Volume 9, Number 1, February 2018, pages 11-16

The Severity of Coronary Arterial Stenosis in Patients With Acute ST-Elevated Myocardial Infarction: A Thrombolytic Therapy Study

Major components of acute coronary artery occlusion causing ST-elevated myocardial infarction (STEMI) are thrombus and an underlying atherosclerotic plaque. The underlying stenosis degree of atherosclerotic plaque has been a subject of curiosity for a long time and been examined in several studies, but discussions are still ongoing. In the earlier stages, retrospective angiographic and post-mortem studies have shown that the majority of patients with STEMI had mild to moderate degree of stenosis in the infarct-related artery (IRA) and was emphasized that acute event was secondary to thrombosis, more often occurring after plaque rupture [1-4]. However, in some post-mortem studies, it is shown that the severe stenosis was the cause in many patients [5, 6]. Unlike the retrospective studies in the early stages, Coronary Artery Surgery Study (CASS) has shown that new vessel occlusions resulted from severe stenosis in a majority of patients who underwent coronary angiography (CAG) in the follow-up [7]. Similarly, in studies evaluating mechanical thrombectomy or thrombolytic therapy (TT) it was seen that IRA had severe stenosis [8, 9]. However, it is also shown that the residual thrombus may occur after thrombectomy or TT, and the degree of stenosis at IRA stenosis could be detected more than its actual occurrence [10-12]. More thrombus can be removed from lesion by the more aggressive antiplatelet therapy together with TT, and the degree of stenosis on angiography can be estimated more clearly. With this hypothesis we have designed this study.

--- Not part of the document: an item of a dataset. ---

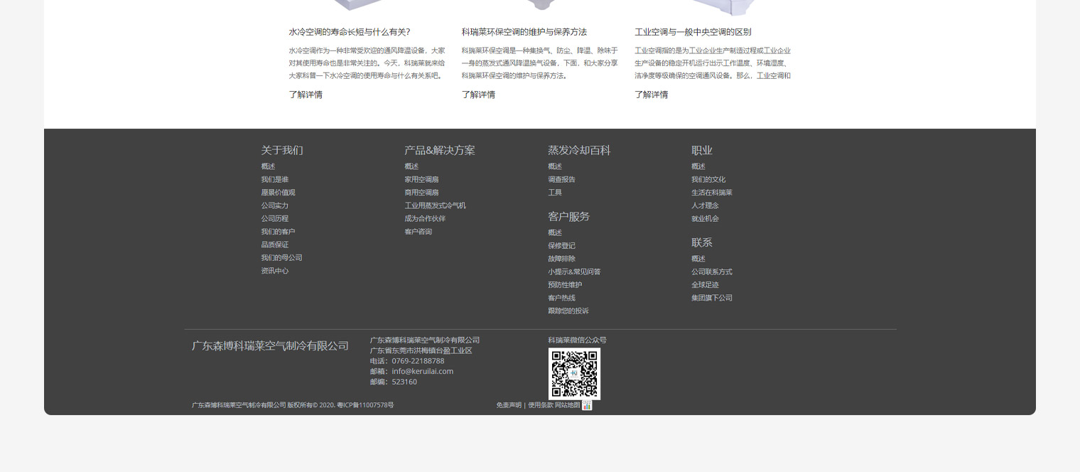 科瑞莱中英双语网站建设,网站采用极简式的风格设计,结合了国外网站的设计风格,让网站看起来别树一帜。客户主要做冷气机研发,网站在栏目的排布以及页面布局清晰的展示出了客户的强大实力背景以及专业的产品领域。通过解决方案与产品的结合带动了用户更加深入的了解客户的产品。

The purpose of this study was to determine the degree of stenosis of IRA in STEMI patients who underwent CAG after reperfusion with TT.

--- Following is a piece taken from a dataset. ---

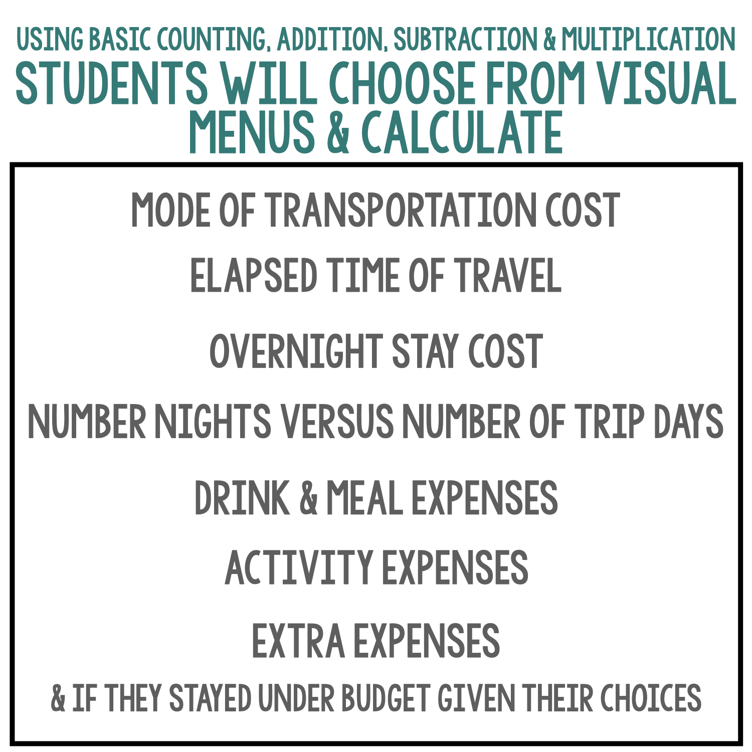 Students learn a little about the travel destination and in both levels get to “choose their own adventure” by choosing a way to travel, overnight stay, and itinerary expenses for meals and activities.

A total of 463 consecutive patients between January 2008 and December 2013 with STEMI treated primarily with TT were evaluated retrospectively. In our clinic primary percutaneous intervention can only be performed during working hours between January 2008 and December 2013. Thus, patients that have been hospitalized with STEMI after working hours received therapy. The study was approved by institutional ethics committee. The patients in whom reperfusion failed and rescue percutaneous coronary intervention was performed (n = 120), death occurred before CAG (n = 12), IRA cannot be determined according to the electrocardiographic (ECG), echocardiographic (ECHO) or CAG (n = 10), and CAG was not performed in index hospitalization (n = 54) were excluded from the study. There were no further exclusion criteria. A total of 267 patients who were successfully reperfused with TT and in whom CAG was performed during hospitalization with median 8 (1 - 17) days after myocardial infarction were included in the study. Figure 1 depicts flow chart of the study. Clinical and demographic characteristics including age, gender, diabetes mellitus (DM), hypertension (HT), hyperlipidemia (HPL), current cigarette smoking, and family history of premature coronary artery disease (CAD), were obtained by hospital records. The diagnosis of STEMI was based on typical symptoms onset of ≥ 30 min and ≤ 12 h before admission to the hospital and new ST-segment elevation at the J point in more than two contiguous leads ( > 0.2 mV in V1 through V3 and > 0.1 mV in other leads) or new left branch bundle block [13]. The IRA was clearly defined on the basis of the combination of ECG, ECHO, and CAG findings. Failed reperfusion was defined according to the following criteria: < 50% ST resolution-related ECG leads within 90 min from initiation of the thrombolytic treatment and lack of symptom relief or in-hospital mortality.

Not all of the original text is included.